2.) Will I need to sign up or anything? Should I create a WCA profile?

Thx!


----------



## cmhardw (Nov 20, 2012)

The event is not guaranteed to happen yet, I am just trying to gauge interest in the area.

IF it does happen, then it will _not_ be an official WCA event. It will just be a fun get together to cube and meet people.


----------



## SketchCuber (Nov 20, 2012)

Ok cool, thx.

Do you have anybody else going yet?


----------



## Maniac (Nov 20, 2012)

Probably won't be able to make it on Sunday , but I am excited to see more cubing events in FL. Good sign


----------



## cmhardw (Nov 22, 2012)

I will not be able to make a cube meetup this weekend, though if others are going please continue to use this thread as a way to plan.

I would very much like to hold a meetup in the next 2-3 weeks or so if people are still game.

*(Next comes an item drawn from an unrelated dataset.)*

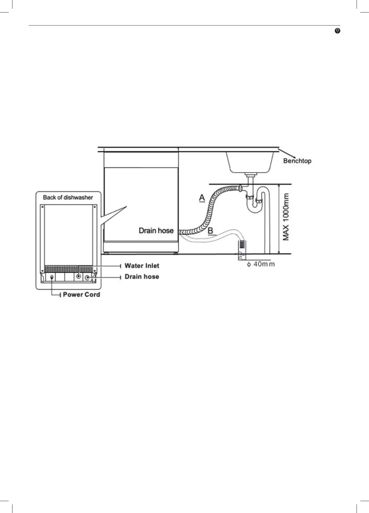 Note. It’s critical for the eective operation of your dishwasher, that the waste pipe is not over-bent or kinked

Most likely on a weekend day like a Saturday or Sunday.

What weekends work best for people?


----------



## Maniac (Nov 22, 2012)

Maybe the weekend of the 8th or 9th? Do people prefer Saturdays or Sundays?


----------



## Peabo (Nov 22, 2012)

Hey are there a lot of us floridians n the site? I'm interested in meeting up, Orlando is a bit of a drive for me but if we could work it out I'd be interested! I prefer Sundays!


----------



## Edward (Nov 22, 2012)

I'm probably going to be in the area the weekend of the first, Chris.


----------



## Maniac (Nov 22, 2012)

First would probably work for me too


----------



## cmhardw (Dec 5, 2012)

*Sunday December 9th
1pm
Cube Meetup at the Altamonte Mall Food Court*
451 East Altamonte Drive
Altamonte Springs, Florida 32701

I'll be there by 1pm, but of course people can show up whenever they like. The mall opens at 11am.

So far we have myself, and I believe Justin may also be able to make it. Anyone else who is in the area feel free to come, but reply to the thread so that we know to expect you!

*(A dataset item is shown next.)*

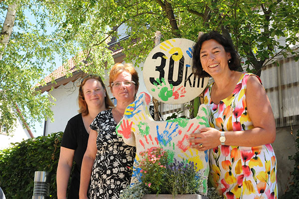 Gemeinsam mit der Fraktion der IUHAS (Initiative Umweltschutz für Hähnlein, Alsbach und Sandwiese) startete Doris Lochmann die Aktion „Die Hejner Gaas wird zum Kunstobjekt“. Die Ursache für die Aktion ist das leidige Thema mit einer Tempo 30-Zone in der Hähnleiner Ortsdurchfahrt der L 3112. Seit vielen Jahren rasen Autos und LKW`s mit überhöhtem Tempo durch den Ort und es hat schon mehrere Tote bei Verkehrsunfällen gegeben. Die Gemeinde ist ebenfalls seit Ewigkeiten bemüht, eine Tempo-30-Zone einzurichten, jedoch ist Hessen Mobil für die Geschwindigkeitsbegrenzung der Landesstraße in der Ortsdurchfahrt verantwortlich und dort sieht man leider (noch) keinen Bedarf für Tempo 30 in Hähnlein, was für viele Anwohner ein beispielloser Skandal ist. Auch Bürgermeister Rausch beißt sich seit langem die Zähne an Hessen Mobil aus. Besonders durch den verstärkten LKW-Verkehr der Fa. Intersnack ist die Geduld der Ortsbürger langsam am Ende. Ein geplantes Hochregallager auf dem Firmengelände an der B3 wurde wegen großem Protest von Alsbacher und Bickenbacher Bürgern von der Firmenleitung ad Acta gelegt. Die Hähnleiner dürfen nun die Suppe mit den ständigen LKW-Brezel-Touren von Alsbach nach Worms ins Intersnack-Lager und zurück auslöffeln.

The mall closes at 8pm that day, but I will probably need to leave around 5pm. Of course people can stay however long they would like to.

I look forward to seeing you there!
Chris Hardwick


----------



## cmhardw (Dec 9, 2012)

Hi everyone, it looks like there wasn't much demand for this weekend. From what I've heard it sounds like no one was able to respond as a definite. In that case I will not be at the mall today, and we will try to find another time that works for everyone.

My goal is to make this a big gathering with as many people as possible. Will everyone who is interested please post some weekends that work for you in January. That way we can give notice of about a month so that people can plan to travel. I know some of you have a long drive to get here, so I think this is only fair.

If anyone IS on the way to Orlando today, don't panic. Just e-mail me at [email protected] and I will give you my cell number and I will meet you whenever you get here.

Chris


----------



## Edward (Dec 11, 2012)

ha, sorry about that. There was no way I could've been in Orlando on the 9th. 
You messaged about January? Wish I knew what was going to be going on then. I know I might be taking a trip to Miami late December. Most weekends in January should be fine as long as we can plan ahead right?


----------